I’ve gone through more drafts of this review than I have of anything I’ve done, maybe even more than my professional calibers of editing. It’s not really because this album is super hard to talk about — it’s because there’s a lot to say and interpret. I’ve had many listening sessions of this record to the point of having several different and tiny memories for what the album feels like. It’s an actual diary by an emotionally disturbed and incomplete human being. It is the finality of Bill Callahan’s weirdness, its peak, his shaping into musical appropriation.

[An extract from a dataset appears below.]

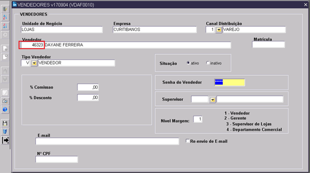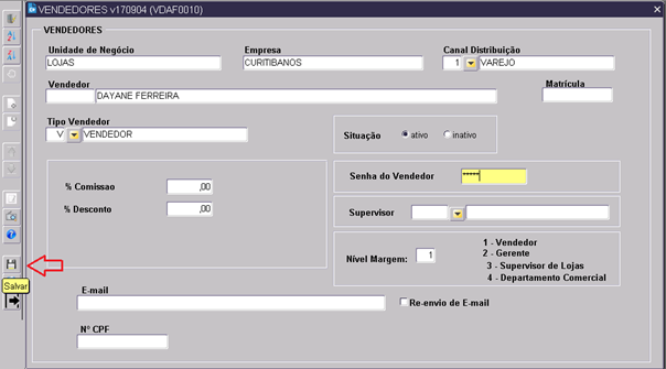 1. Para consultar, clicar no ícone , informar os dados importantes como principalmente o código vendedor e/ou nome e, em seguida, concluir a consulta clicando no ícone  para que o sistema retorne os dados encontrados. Caso, retorne, utilizar a tecla seta para baixo do TECLADO para ver se existe mais de um cadastro e se o cadastro já está com os dados corretos principalmente a loja em que o mesmo está trabalhando;

Wild Love is just a bunch of things.

This “bunch of things” happens to contain one of the most memorable songs of Callahan’s varied and dedicated career. “Bathysphere”, a drum-machine backed song, which introduces the record, quickly forms into its own sprawling-yet-grounded masterpiece, and at this point in his library, no song matched up to such breadth as “Bathysphere” did. It was different, thought-out, beautiful, and simply a powerful rock song, something that he had not quite gotten to do. It is such a dark horse of a song that it makes the rest of the record a completely different and jarring experience, more in-line with what you could probably expect from 1995 Smog with more ambition and a better production set up.

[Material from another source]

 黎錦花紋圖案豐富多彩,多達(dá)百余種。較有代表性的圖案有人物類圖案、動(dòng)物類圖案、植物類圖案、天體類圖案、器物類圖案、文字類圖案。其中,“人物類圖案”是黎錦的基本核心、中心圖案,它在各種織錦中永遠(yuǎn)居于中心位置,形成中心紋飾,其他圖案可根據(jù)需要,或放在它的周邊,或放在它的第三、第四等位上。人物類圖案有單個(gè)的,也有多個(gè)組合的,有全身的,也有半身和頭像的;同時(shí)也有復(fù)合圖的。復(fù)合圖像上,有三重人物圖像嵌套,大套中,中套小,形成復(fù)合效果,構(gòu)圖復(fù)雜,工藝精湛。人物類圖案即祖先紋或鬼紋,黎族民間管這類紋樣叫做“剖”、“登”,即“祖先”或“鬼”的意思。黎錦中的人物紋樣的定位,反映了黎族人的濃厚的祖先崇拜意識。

There’s one song on this album that really gets to me in kind of a rotten way. “Sweet Smog Children”  has a difficult-to-understand prerogative surrounding it — it’s creepy and puts Callahan in this character that is not likable at all. In fact, he has played quite unlikable characters on his albums thus far, but this is sinister. He talks about wishing to talk to “sweet smog children”, to touch them, to never be away from them. Whatever mythical purpose the song is meant to serve is blinded and replaced by these indie-rock, ironically fucked up, pedophiliac  undertones. Whatever is meant, it doesn’t matter. It’s bad. Then we’re thrusted from this crippling mental blow into this count off of a cocky piano ballad track, light-hearted and comparatively carefree. It expects recovery with no remorse.

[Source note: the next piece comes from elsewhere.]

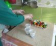 Între timp se pregătește vopseaua: se toarnă fiecare culoare în câte un recipient, se adaugă puțină apă caldă (40-50 ml în fiecare culoare) și câte 2 linguri de oțet. Se omogenizează și se pregătește câte un bețișor în fiecare culoare, pentru vopsire.

The weird themes on Wild Love have their place and sometimes conveniently dissipate into really solid experiences at just the right times. The madness descension from the hilariously cheap sounding “The Emperor” and drunken reflections of “Limited Capacity” is confirmed when the listener is brought back to musical consciousness on “It’s Rough”, the second best track on Wild Love. It controls a similarly breezy vibe to “Bathysphere” but has a different, more Smog-ready message of openly being acceptive in regards to introspection. The difference here is that it’s a well-written song outside its aesthetic and lyrical tone. At this point in the album, normalcy has been achieved, but then Callahan slowly appears giving into the madness. “Sleepy Joe” is manic and percussive. It’s pretty loud compared to the rest of the record, but loudness is matched by psychedelics in “The Candle”, which is oddly spiritual, but at the same time, there is something false and unreal about his promises and words. The song feels like a scene that never happened in the film itself — be it a flashback, dream sequence, or daydream reflection. It’s kind of genius, the way it works.

“Prince Alone In The Studio” is the album’s apex and combination of each of the song’s major properties — the rock song feel of “Bathysphere” and “It’s Rough”, the psychotics of “Be Hit”, “Sweet Smog Children”, and “The Candle”. It’s a burst that lasts seven minutes and allows the album to end on a somewhat controlled note with “Goldfish Bowl”, an anthem that just breezes by with maximum conclusion, which, by 1995 was a difficult concept for Smog. For Bill, satisfaction didn’t happen quite yet.